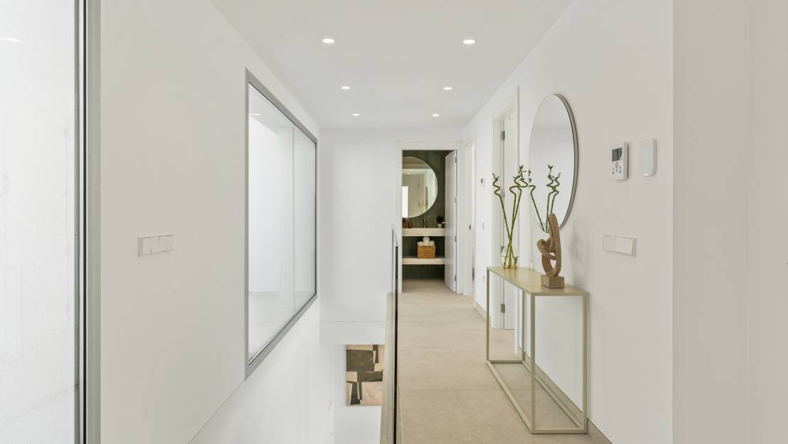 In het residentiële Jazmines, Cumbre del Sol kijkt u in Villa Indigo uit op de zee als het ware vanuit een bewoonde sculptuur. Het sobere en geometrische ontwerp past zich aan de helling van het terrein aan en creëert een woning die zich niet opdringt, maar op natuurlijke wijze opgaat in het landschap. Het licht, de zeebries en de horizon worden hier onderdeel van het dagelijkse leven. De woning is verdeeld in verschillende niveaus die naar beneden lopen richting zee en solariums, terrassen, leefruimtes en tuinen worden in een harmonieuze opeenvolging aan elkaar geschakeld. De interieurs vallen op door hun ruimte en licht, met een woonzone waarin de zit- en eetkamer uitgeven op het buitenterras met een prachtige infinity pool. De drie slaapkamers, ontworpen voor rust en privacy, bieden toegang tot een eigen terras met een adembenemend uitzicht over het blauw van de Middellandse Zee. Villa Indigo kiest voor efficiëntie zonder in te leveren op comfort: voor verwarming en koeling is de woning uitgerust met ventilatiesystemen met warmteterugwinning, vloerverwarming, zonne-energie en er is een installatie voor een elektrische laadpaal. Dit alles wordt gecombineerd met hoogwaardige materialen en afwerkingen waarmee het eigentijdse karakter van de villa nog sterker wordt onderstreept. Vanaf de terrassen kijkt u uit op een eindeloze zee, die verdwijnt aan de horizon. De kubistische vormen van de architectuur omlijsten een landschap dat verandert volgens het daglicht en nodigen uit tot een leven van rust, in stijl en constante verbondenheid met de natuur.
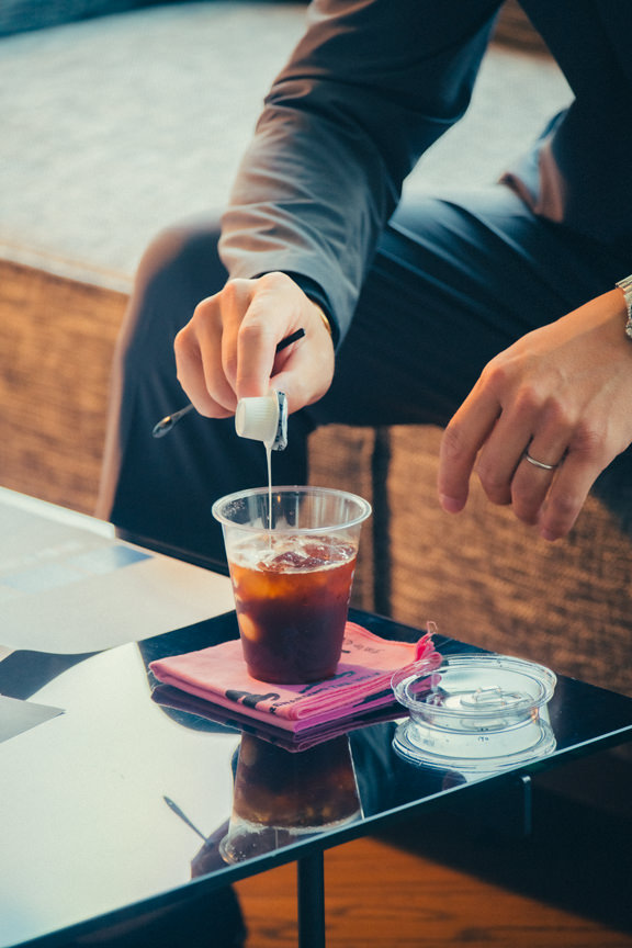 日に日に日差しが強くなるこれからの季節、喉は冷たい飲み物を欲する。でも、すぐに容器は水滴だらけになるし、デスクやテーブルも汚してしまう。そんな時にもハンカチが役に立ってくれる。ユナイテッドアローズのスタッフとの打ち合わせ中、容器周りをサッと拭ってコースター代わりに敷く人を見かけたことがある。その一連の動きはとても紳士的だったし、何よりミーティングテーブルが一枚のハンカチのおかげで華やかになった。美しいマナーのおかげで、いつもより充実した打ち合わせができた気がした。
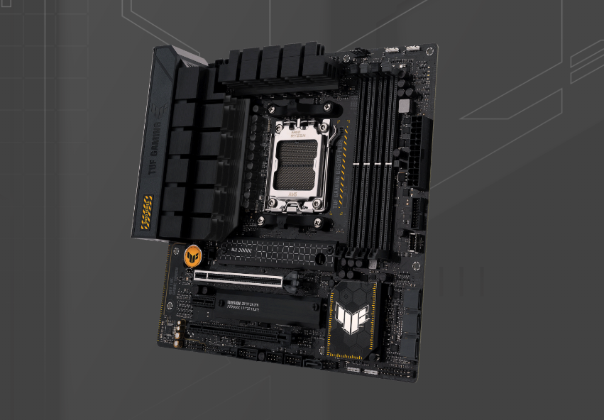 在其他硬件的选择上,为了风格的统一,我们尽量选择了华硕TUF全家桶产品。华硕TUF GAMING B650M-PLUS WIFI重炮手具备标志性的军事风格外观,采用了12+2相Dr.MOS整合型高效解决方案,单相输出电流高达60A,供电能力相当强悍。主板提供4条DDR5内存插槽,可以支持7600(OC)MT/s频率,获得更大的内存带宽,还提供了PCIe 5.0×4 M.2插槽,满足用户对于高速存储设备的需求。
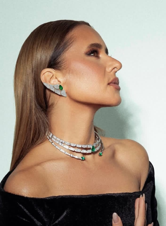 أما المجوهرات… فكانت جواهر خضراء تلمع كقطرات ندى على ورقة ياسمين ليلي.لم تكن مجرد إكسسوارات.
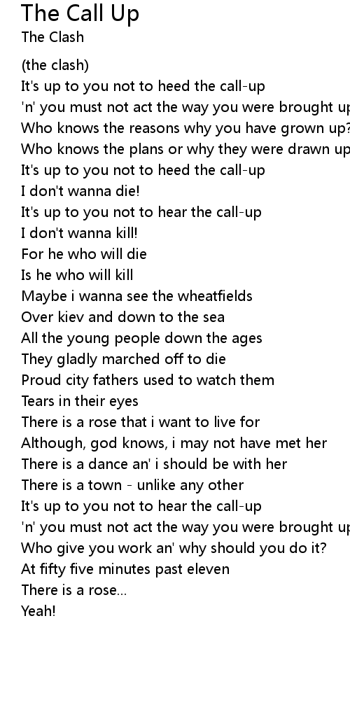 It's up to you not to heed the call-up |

####################

▶ _Task_:
Print, word for word, every entry shown above; the pictures stay out.

▶ _Response for this exercise_:
 In het residentiële Jazmines, Cumbre del Sol kijkt u in Villa Indigo uit op de zee als het ware vanuit een bewoonde sculptuur. Het sobere en geometrische ontwerp past zich aan de helling van het terrein aan en creëert een woning die zich niet opdringt, maar op natuurlijke wijze opgaat in het landschap. Het licht, de zeebries en de horizon worden hier onderdeel van het dagelijkse leven. De woning is verdeeld in verschillende niveaus die naar beneden lopen richting zee en solariums, terrassen, leefruimtes en tuinen worden in een harmonieuze opeenvolging aan elkaar geschakeld. De interieurs vallen op door hun ruimte en licht, met een woonzone waarin de zit- en eetkamer uitgeven op het buitenterras met een prachtige infinity pool. De drie slaapkamers, ontworpen voor rust en privacy, bieden toegang tot een eigen terras met een adembenemend uitzicht over het blauw van de Middellandse Zee. Villa Indigo kiest voor efficiëntie zonder in te leveren op comfort: voor verwarming en koeling is de woning uitgerust met ventilatiesystemen met warmteterugwinning, vloerverwarming, zonne-energie en er is een installatie voor een elektrische laadpaal. Dit alles wordt gecombineerd met hoogwaardige materialen en afwerkingen waarmee het eigentijdse karakter van de villa nog sterker wordt onderstreept. Vanaf de terrassen kijkt u uit op een eindeloze zee, die verdwijnt aan de horizon. De kubistische vormen van de architectuur omlijsten een landschap dat verandert volgens het daglicht en nodigen uit tot een leven van rust, in stijl en constante verbondenheid met de natuur.
 日に日に日差しが強くなるこれからの季節、喉は冷たい飲み物を欲する。でも、すぐに容器は水滴だらけになるし、デスクやテーブルも汚してしまう。そんな時にもハンカチが役に立ってくれる。ユナイテッドアローズのスタッフとの打ち合わせ中、容器周りをサッと拭ってコースター代わりに敷く人を見かけたことがある。その一連の動きはとても紳士的だったし、何よりミーティングテーブルが一枚のハンカチのおかげで華やかになった。美しいマナーのおかげで、いつもより充実した打ち合わせができた気がした。
 在其他硬件的选择上,为了风格的统一,我们尽量选择了华硕TUF全家桶产品。华硕TUF GAMING B650M-PLUS WIFI重炮手具备标志性的军事风格外观,采用了12+2相Dr.MOS整合型高效解决方案,单相输出电流高达60A,供电能力相当强悍。主板提供4条DDR5内存插槽,可以支持7600(OC)MT/s频率,获得更大的内存带宽,还提供了PCIe 5.0×4 M.2插槽,满足用户对于高速存储设备的需求。
 أما المجوهرات… فكانت جواهر خضراء تلمع كقطرات ندى على ورقة ياسمين ليلي.لم تكن مجرد إكسسوارات.
 It's up to you not to heed the call-up |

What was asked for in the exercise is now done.